◆ How to complete this task ◆
Every entry must be repeated exactly. Exclude all pictures.
Segment Start: Data supplied
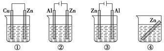 下列各裝置中都盛有0.1 mol·L-1的NaCl溶液,放置一定時間后,裝置中的四塊相同的鋅片,腐蝕速率由快到慢的正確順序是(D )![]()
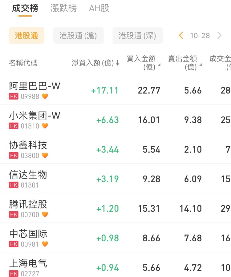 阿里巴巴-W、小米集团-W、协鑫科技分别获分别获南下资金净买入17.11亿港元、6.63亿港元、3.44亿港元;中国移动、融创中国、中国海洋石油分别遭净卖出5.83亿港元、1.92亿港元、0.91亿港元。
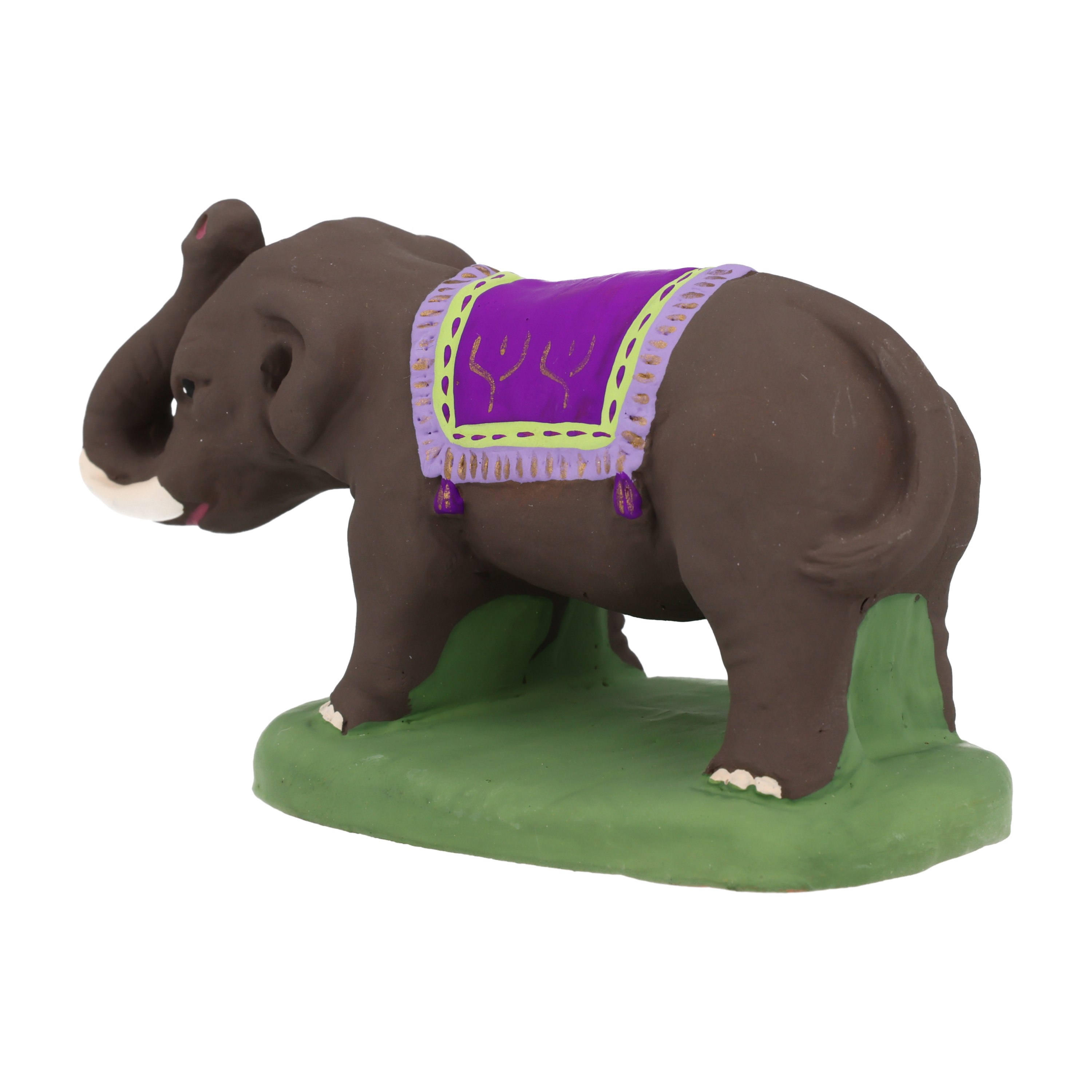 Ce santon de Provence met en scène un éléphant paré d’une élégante couverture violette finement décorée, compagnon des Rois Mages dans leur voyage vers la crèche de Bethléem.
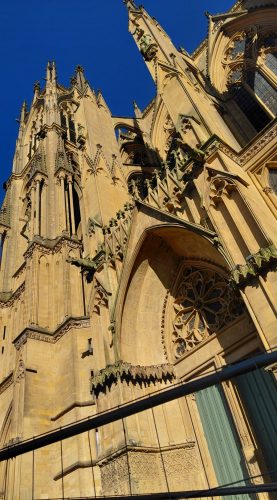 En prenant pour cap, la Cathédrale nous passons par la Place d’Armes avec ses deux trophées (monumentaux) et arrivons au coeur de ville. La Cathédrale est fermée depuis quelques minutes. Ce n’est pas grave, nous avons vu les vitraux de Chagall à notre précédente visite en 2021. Nous nous attablons à une terrasse plein soleil en face du marché couvert (fermé également le soir) : construction très élégante en U commencé en 1785 pour être le Palais épicsopal transformé en marché en 1831.
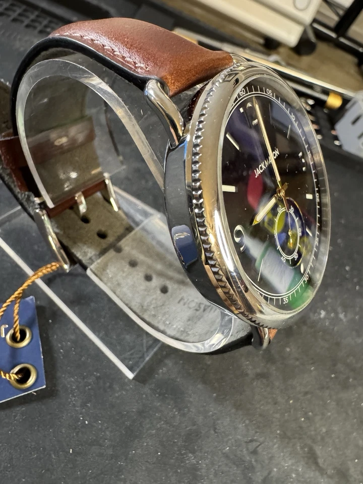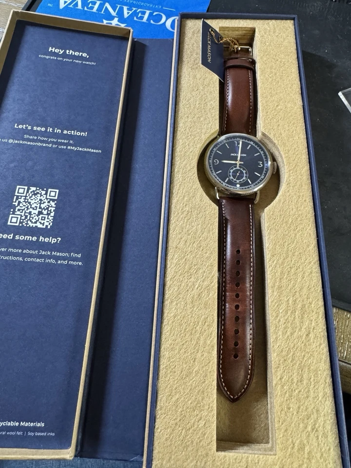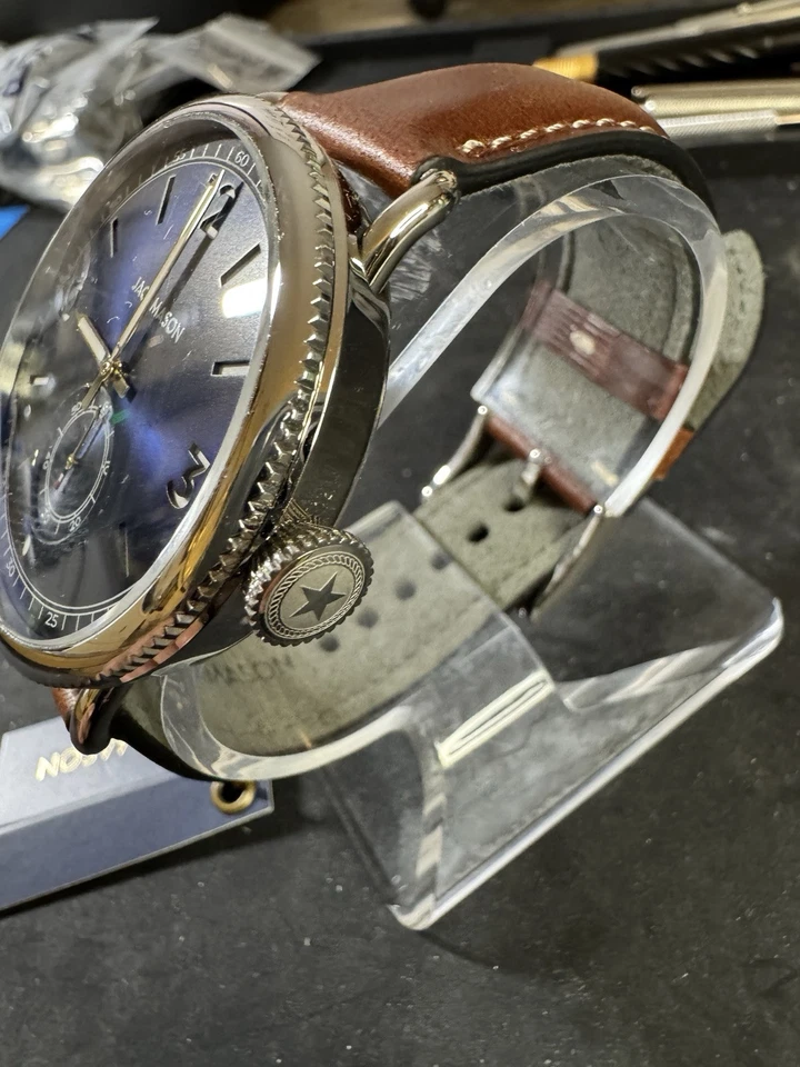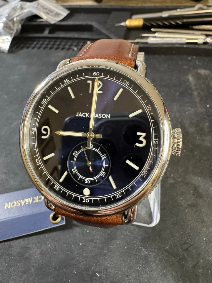 Jack Mason Avigator 45MM Dark Blue w/ Stanless Case Brown leather Strap
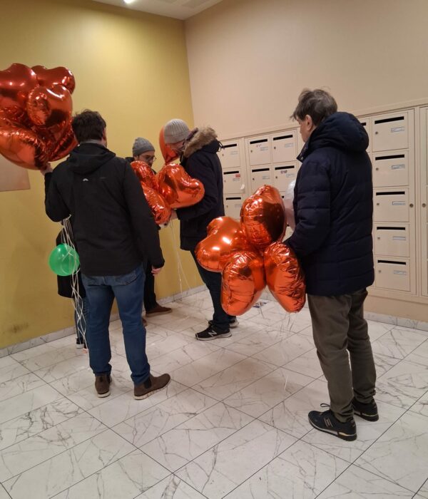 Comme chaque événement ADHEL, un groupe de travail s’est formé, s’est concerté. Les achats ont été réalisés : les ballons ne sont pas chers. L’hélium explose le budget, même en se fournissant chez Gifi. Ahmed, René, Nadya, Charlotte, Jonathan, Francia…on se retrouve tous chez Karim le soir du 13 février pour gonfler et ficeler les 80 ballons prévus.
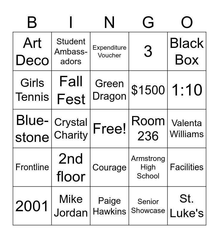 This bingo card has a free space and 24 words: 2nd floor, Mike Jordan, Green Dragon, 2001, Black Box, Art Deco, Girls Tennis, Student Ambass-adors, Room 236, Courage, $1500, Blue-stone, Armstrong High School, Facilities, Fall Fest, Senior Showcase, Valenta Williams, Expenditure Voucher, 1:10, Crystal Charity, St. Luke's, Frontline, 3 and Paige Hawkins.
Segment End: Data supplied
◆ Written answer ◆
 下列各裝置中都盛有0.1 mol·L-1的NaCl溶液,放置一定時間后,裝置中的四塊相同的鋅片,腐蝕速率由快到慢的正確順序是(D )![]()
 阿里巴巴-W、小米集团-W、协鑫科技分别获分别获南下资金净买入17.11亿港元、6.63亿港元、3.44亿港元;中国移动、融创中国、中国海洋石油分别遭净卖出5.83亿港元、1.92亿港元、0.91亿港元。
 Ce santon de Provence met en scène un éléphant paré d’une élégante couverture violette finement décorée, compagnon des Rois Mages dans leur voyage vers la crèche de Bethléem.
 En prenant pour cap, la Cathédrale nous passons par la Place d’Armes avec ses deux trophées (monumentaux) et arrivons au coeur de ville. La Cathédrale est fermée depuis quelques minutes. Ce n’est pas grave, nous avons vu les vitraux de Chagall à notre précédente visite en 2021. Nous nous attablons à une terrasse plein soleil en face du marché couvert (fermé également le soir) : construction très élégante en U commencé en 1785 pour être le Palais épicsopal transformé en marché en 1831.
 Jack Mason Avigator 45MM Dark Blue w/ Stanless Case Brown leather Strap
 Comme chaque événement ADHEL, un groupe de travail s’est formé, s’est concerté. Les achats ont été réalisés : les ballons ne sont pas chers. L’hélium explose le budget, même en se fournissant chez Gifi. Ahmed, René, Nadya, Charlotte, Jonathan, Francia…on se retrouve tous chez Karim le soir du 13 février pour gonfler et ficeler les 80 ballons prévus.
 This bingo card has a free space and 24 words: 2nd floor, Mike Jordan, Green Dragon, 2001, Black Box, Art Deco, Girls Tennis, Student Ambass-adors, Room 236, Courage, $1500, Blue-stone, Armstrong High School, Facilities, Fall Fest, Senior Showcase, Valenta Williams, Expenditure Voucher, 1:10, Crystal Charity, St. Luke's, Frontline, 3 and Paige Hawkins.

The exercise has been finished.